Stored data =
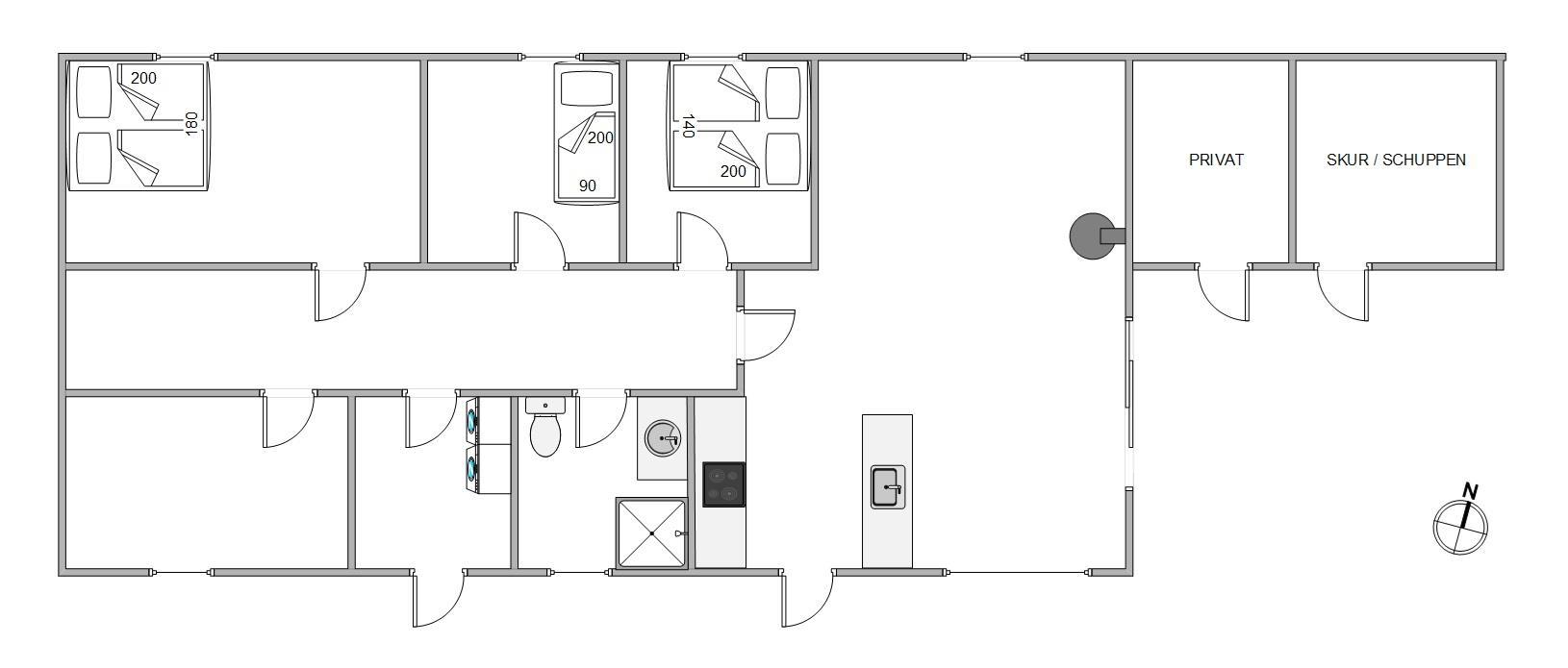Udover det hyggelige alrum, byder feriehuset på et fint badeværelse, et lille bryggers med vaskemaskine og fire værelser. Ligesom i stuen er der også gulvtæpper på værelserne. To værelser er indrettet med dobbeltseng, ét værelse med en enkeltseng og det sidste med en sovesofa.
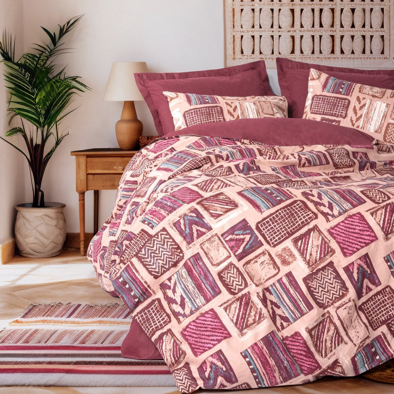 Lenjerie de pat ranforce, o persoana, bumbac 100%, Cotton Box, Estilıo - Claret Red
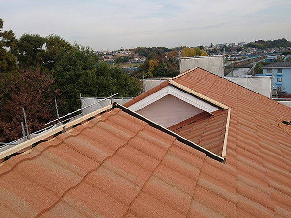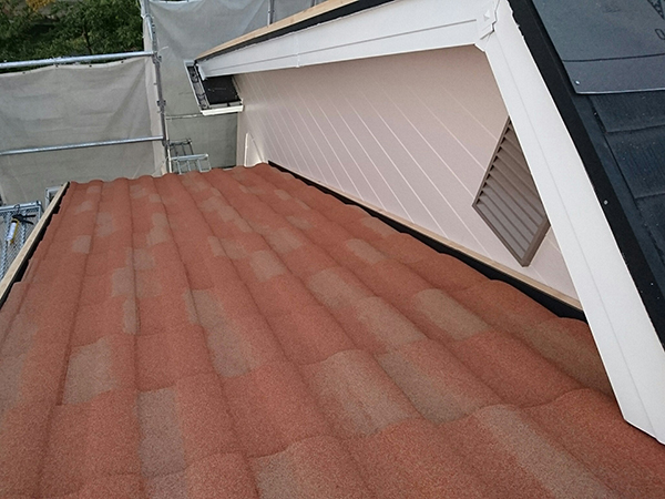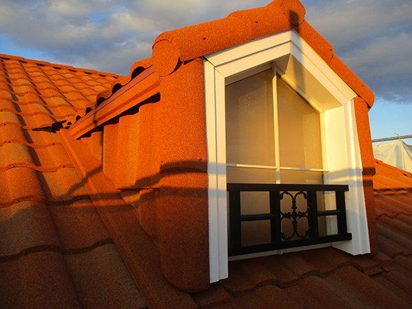 屋根材として使用させて頂いたローマンは、ジンカリウム鋼板に自然石を吹き付けコーティングした製品で、粘土を素焼きしたスペイン産の色鮮やかな瓦のような印象ですが、重さは瓦1m2約50kgに対し、ローマンは1m2約6kgと非常に軽量でいて、30年間保証メンテナンスフリーという優れた製品です。
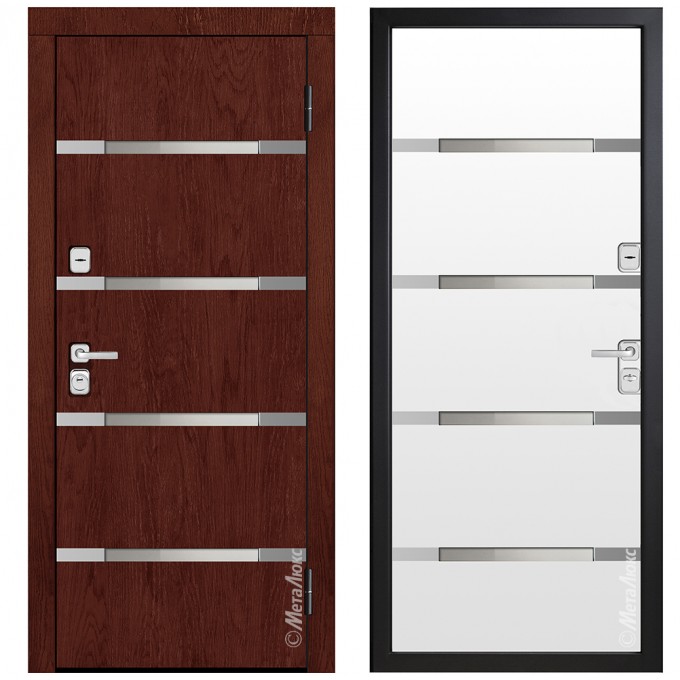 • Дополнительную жесткость конструкции придает особое расположение ребер ( 2 вертикальных, 2 горизонтальных) • Усиленные петли "Combi Arialdo"(Италия), диаметром 22 мм, обеспечивают бесшумное открывание и исключают перекос полотна • Усиление зоны петель легированным металлом квадратного сечения • Усиление замковой части металлическим карманом • Регулятор притвора (обеспечивает плотное прилегание дверного полотна к коробу) • Противосъемные ригеля, диаметром 18мм (5 шт.), исключают вероятность взлома путем среза петель•Безмолдинговая система крепления внутренней панели позволяет добиться безупречного внешнего вида изделия. Особая конфигурация профиля полотна дает возможность осуществить замену внутренней панели при необходимости. |
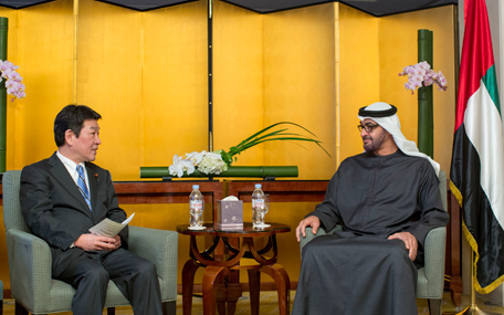 Sheikh Mohamed made his remarks during a meeting today in the Japanese capital Tokyo with Toshimitsu Motegi, Japan's Minister of Economy, Trade and Industry, in attendance of. Sheikh Hamed bin Zayed Al Nahyan, Chief of Abu Dhabi Crown Prince's Court, and Sheikh Abdullah bin Zayed Al Nahyan, Foreign Minister. The two sides discussed ways of enhancing friendly ties between the two countries as well as an array of issues of common interest.

ACTIVITY = The reply should contain all of the data above, word for word, with no pictures.

RESULT =
Udover det hyggelige alrum, byder feriehuset på et fint badeværelse, et lille bryggers med vaskemaskine og fire værelser. Ligesom i stuen er der også gulvtæpper på værelserne. To værelser er indrettet med dobbeltseng, ét værelse med en enkeltseng og det sidste med en sovesofa.
 Lenjerie de pat ranforce, o persoana, bumbac 100%, Cotton Box, Estilıo - Claret Red
 屋根材として使用させて頂いたローマンは、ジンカリウム鋼板に自然石を吹き付けコーティングした製品で、粘土を素焼きしたスペイン産の色鮮やかな瓦のような印象ですが、重さは瓦1m2約50kgに対し、ローマンは1m2約6kgと非常に軽量でいて、30年間保証メンテナンスフリーという優れた製品です。
 • Дополнительную жесткость конструкции придает особое расположение ребер ( 2 вертикальных, 2 горизонтальных) • Усиленные петли "Combi Arialdo"(Италия), диаметром 22 мм, обеспечивают бесшумное открывание и исключают перекос полотна • Усиление зоны петель легированным металлом квадратного сечения • Усиление замковой части металлическим карманом • Регулятор притвора (обеспечивает плотное прилегание дверного полотна к коробу) • Противосъемные ригеля, диаметром 18мм (5 шт.), исключают вероятность взлома путем среза петель•Безмолдинговая система крепления внутренней панели позволяет добиться безупречного внешнего вида изделия. Особая конфигурация профиля полотна дает возможность осуществить замену внутренней панели при необходимости. |
 Sheikh Mohamed made his remarks during a meeting today in the Japanese capital Tokyo with Toshimitsu Motegi, Japan's Minister of Economy, Trade and Industry, in attendance of. Sheikh Hamed bin Zayed Al Nahyan, Chief of Abu Dhabi Crown Prince's Court, and Sheikh Abdullah bin Zayed Al Nahyan, Foreign Minister. The two sides discussed ways of enhancing friendly ties between the two countries as well as an array of issues of common interest.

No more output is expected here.